::: Collected material :::
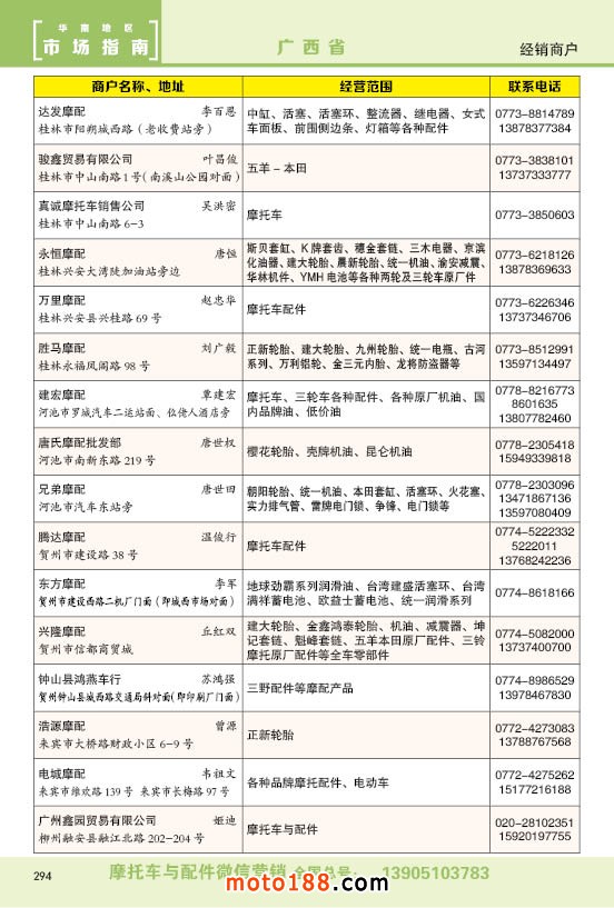 內(nèi)294廣西省摩托車配件經(jīng)銷商戶
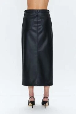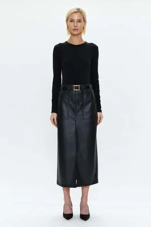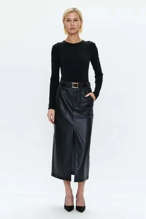 A nod to the of-the-moment midi skirt, the latest version of Alice is created in a buttery soft alt leather fabric. With the same polished length and front slit as its denim counterpart, it brings a utililty update with patch pockets on the front.
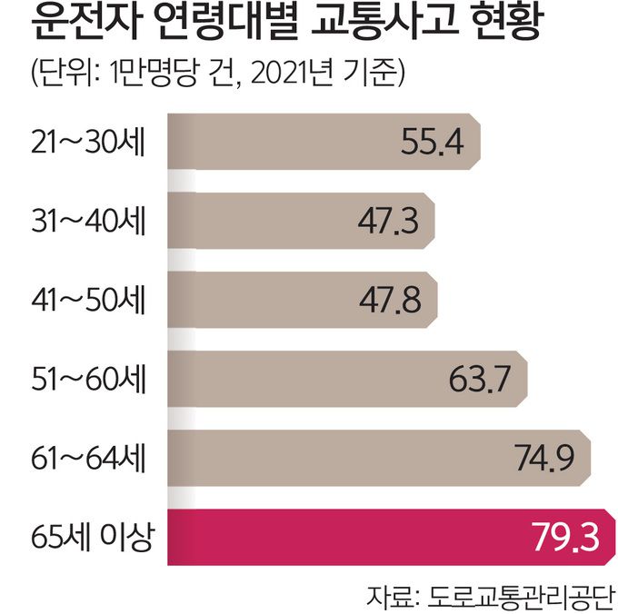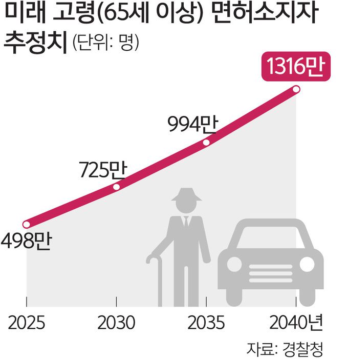 26일 경찰청에 따르면 국내 65세 이상 면허소지자는 빠르게 늘어나 2025년 498만명, 2030년 725만명, 2035년 994만명, 2040년 1316만명에 달할 것으로 추정된다. 고령 운전자 교통사고도 증가하는 추세다. 도로교통관리공단 자료를 보면 재작년 교통사고로 사망자를 가장 많이 낸 운전자 연령대는 65세 이상이었고, 전체 교통사고의 24.3%를 차지했다. 가장 최근에는 지난 20일 부산에서 79세 운전자 A씨가 행인 2명을 들이받고, 한 식당 내부로 돌진해 손님 5명을 다치게 한 사고가 있었다. A씨는 “액셀과 브레이크를 헷갈렸다”고 진술했다.
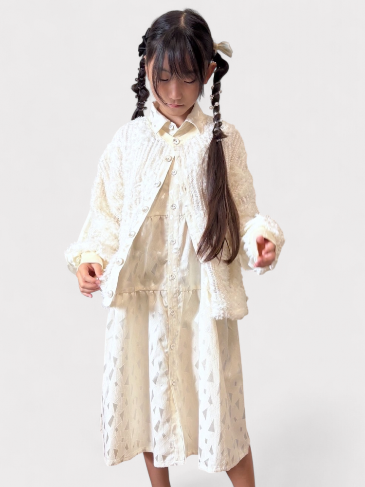 肩や身頃はすっきり、裾にかけて広がるティアードシルエットが、動きと軽やかさをプラス。一枚でも羽織りとしても着られる、万能アイテムです。
:::
▸ **What you will do**:
Every line of the listing should be repeated exactly; no picture should appear.

▸ **Answer space**:
 內(nèi)294廣西省摩托車配件經(jīng)銷商戶
 A nod to the of-the-moment midi skirt, the latest version of Alice is created in a buttery soft alt leather fabric. With the same polished length and front slit as its denim counterpart, it brings a utililty update with patch pockets on the front.
 26일 경찰청에 따르면 국내 65세 이상 면허소지자는 빠르게 늘어나 2025년 498만명, 2030년 725만명, 2035년 994만명, 2040년 1316만명에 달할 것으로 추정된다. 고령 운전자 교통사고도 증가하는 추세다. 도로교통관리공단 자료를 보면 재작년 교통사고로 사망자를 가장 많이 낸 운전자 연령대는 65세 이상이었고, 전체 교통사고의 24.3%를 차지했다. 가장 최근에는 지난 20일 부산에서 79세 운전자 A씨가 행인 2명을 들이받고, 한 식당 내부로 돌진해 손님 5명을 다치게 한 사고가 있었다. A씨는 “액셀과 브레이크를 헷갈렸다”고 진술했다.
 肩や身頃はすっきり、裾にかけて広がるティアードシルエットが、動きと軽やかさをプラス。一枚でも羽織りとしても着られる、万能アイテムです。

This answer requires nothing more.